The output showed that **quanteda** needs R 3.4.0 only because **slam** requires. Our package depends on **slam** because of **wordcloud**.

```
quanteda: R (>= 3.4.0)
extrafont: R (>= 2.15)
extrafontdb: R (>= 2.14)
Rttf2pt1: R (>= 2.15)
digest: R (>= 2.4.1)
Matrix: R (>= 3.0.1)
lattice: R (>= 3.0.0)
wordcloud:
RColorBrewer: R (>= 2.0.0)
slam: R (>= 3.4.0)
Rcpp: R (>= 3.0.0)
sna: R (>= 2.0.0)
network: R (>= 2.10)
ggrepel: R (>= 3.0.0)
ggplot2: R (>= 3.1)
digest: R (>= 2.4.1)
gtable: R (>= 2.14)
MASS: R (>= 3.1.0)
plyr: R (>= 3.1.0)
Rcpp: R (>= 3.0.0)
reshape2: R (>= 3.1)
plyr: R (>= 3.1.0)
Rcpp: R (>= 3.0.0)
Rcpp: R (>= 3.0.0)
stringr: R (>= 3.1)
glue: R (>= 3.1)
stringi: R (>= 2.14)
scales: R (>= 2.13)
RColorBrewer: R (>= 2.0.0)
dichromat: R (>= 2.10)
plyr: R (>= 3.1.0)
Rcpp: R (>= 3.0.0)
Rcpp: R (>= 3.0.0)
R6: R (>= 3.0)
viridisLite: R (>= 2.10)
tibble: R (>= 3.1.0)
cli: R (>= 2.10)
rlang: R (>= 3.1.0)
lazyeval: R (>= 3.1.0)
Rcpp: R (>= 3.0.0)
scales: R (>= 2.13)
RColorBrewer: R (>= 2.0.0)
dichromat: R (>= 2.10)
plyr: R (>= 3.1.0)
Rcpp: R (>= 3.0.0)
Rcpp: R (>= 3.0.0)
R6: R (>= 3.0)
viridisLite: R (>= 2.10)
RcppParallel: R (>= 3.0.2)
RSpectra: R (>= 3.0.2)
Matrix: R (>= 3.0.1)
lattice: R (>= 3.0.0)
Rcpp: R (>= 3.0.0)
stringi: R (>= 2.14)
ggplot2: R (>= 3.1)
digest: R (>= 2.4.1)
gtable: R (>= 2.14)
MASS: R (>= 3.1.0)
plyr: R (>= 3.1.0)
Rcpp: R (>= 3.0.0)
reshape2: R (>= 3.1)
plyr: R (>= 3.1.0)
Rcpp: R (>= 3.0.0)
Rcpp: R (>= 3.0.0)
stringr: R (>= 3.1)
glue: R (>= 3.1)
stringi: R (>= 2.14)
scales: R (>= 2.13)
RColorBrewer: R (>= 2.0.0)
dichromat: R (>= 2.10)
plyr: R (>= 3.1.0)
Rcpp: R (>= 3.0.0)
Rcpp: R (>= 3.0.0)
R6: R (>= 3.0)
viridisLite: R (>= 2.10)
tibble: R (>= 3.1.0)
cli: R (>= 2.10)
rlang: R (>= 3.1.0)
lazyeval: R (>= 3.1.0)
XML: R (>= 2.13.0)
lubridate: R (>= 3.0.0)
stringr: R (>= 3.1)
glue: R (>= 3.1)
stringi: R (>= 2.14)
Rcpp: R (>= 3.0.0)
spacyr: R (>= 3.0.0)
data.table: R (>= 3.0.0)
reticulate: R (>= 3.0)
jsonlite:
Rcpp: R (>= 3.0.0)
stopwords: R (>= 2.10)
ISOcodes: R (>= 2.10.0)
```

Since we never use **tm** for text processing, we decided to write our own function for word cloud incorporating the publicly available code and drop **tm** from our dependencies.
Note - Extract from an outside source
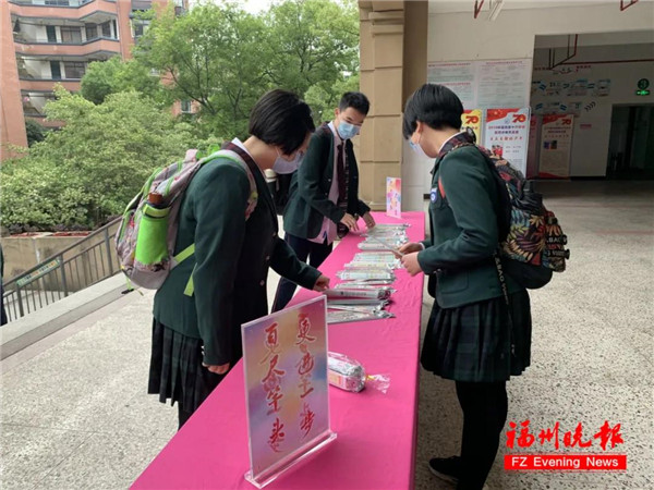 福州第十九中学向初三学生发放“复课纪念卡”。

Since this change in v1.1.0, **quanteda** and other packages that depend on it (e.g. **tidytext**) can be installed only with R 3.1.0, which was released over three years ago. I hope

this change to make quantitative text analysis more accessible to R users, especially to those in the industry.